I love your last shot.
I feel that your last shot should be how the front of your tank looks like.
The main rock really stands out and the way your substrate slopes with a corner filled with white sand works well.


----------



## Strick (Apr 6, 2009)

Very nice. Are those white clouds in with the neons?


----------



## samclowsley (Jun 16, 2009)

thanks guys i quite like the side view to. i mainly see it from the front right corner so i see a bit of both 

and it is a white cloud yes hes just a lonely one but i have had it for about 3-4 years now


----------



## Francis Xavier (Oct 8, 2008)

Is that Shou stone? it looks like it from what I can see. 
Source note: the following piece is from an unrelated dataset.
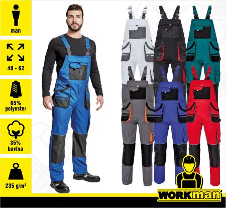 Popis: Nohavice s náprsenkou, s multifunkčnými vreckami, zosilnenie na kolenách s možnosťou vloženia nákolenníkov.

Be careful with the two support stones - they look like they'll get overshadowed by plants pretty quick. Nothing some good trimming regimes won't keep at bay though.


----------



## kcirtappatrick (Mar 16, 2009)

nice layout! i agree with JadeIceGreen. i love the last shot you took!


----------



## samclowsley (Jun 16, 2009)

the stone is call dragon stome round here but it has many different names.

ill keep the hc as low as possible but the shrimp keep digging it up :icon_conf


----------



## FrostyNYC (Nov 5, 2007)

Whats growing on the rocks?


----------



## samclowsley (Jun 16, 2009)

thats a little bit of tiawan moss from the last scape thats also why the main stone looks a bit older


----------